Luke, a twin, was born a preemie. He was a happy, joyful baby and toddler. He was always laughing and smiling. He struggled with milestones and early on we knew something was wrong. 

He began speech therapy at 2 1/2. In Kinder he struggled a lot. He would cry every morning before dropping him off at school. He didn't want to go. He would come home with bad behavior reports. Peers couldn't understand him and made fun of his speech. He was losing his beautiful spirit. 

We began homeschooling in the fall, 1st grade. We met with our new SLP and 3 sessions in, he was diagnosed with Childhood Apraxia of Speech (CAS) and Dyspraxia (developmental coordination disorder). Speech is twice a week for 50 minutes. We've seen a tremendous improvement this year, with both speech and demeanor.




Luke has a beautiful fun loving spirit with a huge imagination. He has a "live life to the fullest" attitude, with a smile that can light up the room. CAS will not stop him He loves his family, cuddles and dinosaurs. We shall overcome

CJ's Fight: No Longer Defeated, But Excited

Hello, my name is April. My son CJ is 8 years old and received his CAS diagnosis at 3. I knew something wasn't quite 'right' when CJ was about 18 months old. He wasn't progressing like my older son had. The school district sent an SLP to my house and he was denied services. I was toldt hat he would talk when he was ready and he was spoiled by others talking for him. I accepted that and we moved on for another 6 months. 

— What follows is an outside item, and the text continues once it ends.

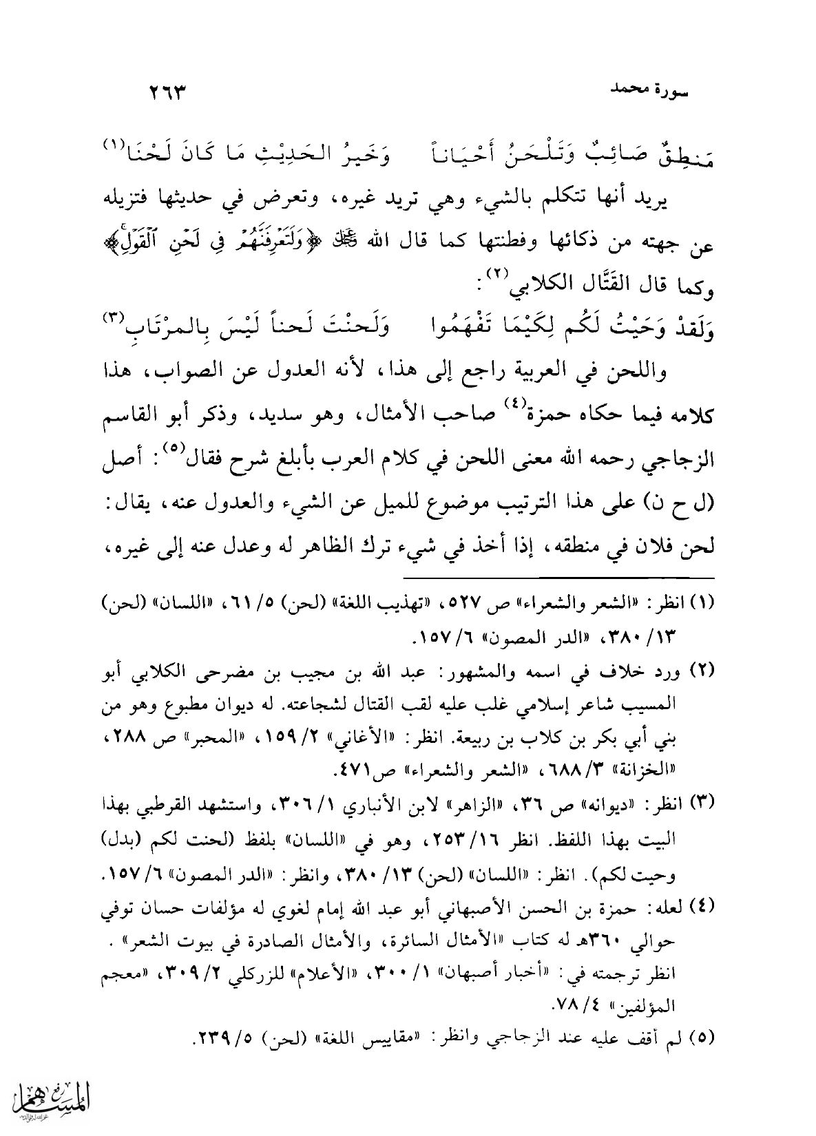 (¬3) انظر: "ديوانه" ص 36، "الزاهر" لابن الأنباري 1/ 306، واستشهد القرطبي بهذا البيت بهذا اللفظ. انظر 16/ 253، وهو في "اللسان" بلفظ (لحنت لكم (بدل) وحيت لكم). انظر: "اللسان" (لحن) 13/ 380، وانظر: "الدر المصون" 6/ 157.

Then we started hanging out with kids his age and their mothers. It was quite obvious to me then that something was very wrong so I asked for another evaluation. 

A different SLP was sent to our home. She ordered hearing texts and spent a lot of time with him. She said yes he bad a speech delay and we finally had a direction to go. We began speech therapy 2 times a week at our neighborhood elementary school. After about 6 months our SLP said she thought CJ had Apraxia. We saw his pediatrician who agreed and we continued speech at the school and saw a speech therapist that was very familiar with Apraxia outside of school. That meant 5 days a week of speech. 



We started using a communication device and CJ started showing improvement. Currently CJ has speech just 1 time per week and no longer uses the communication device. He is certainly improving but there are still days that are tough. We have a long road ahead but he's a hard worker. 5 years ago we felt defeated but now we are very excited for CJ's future.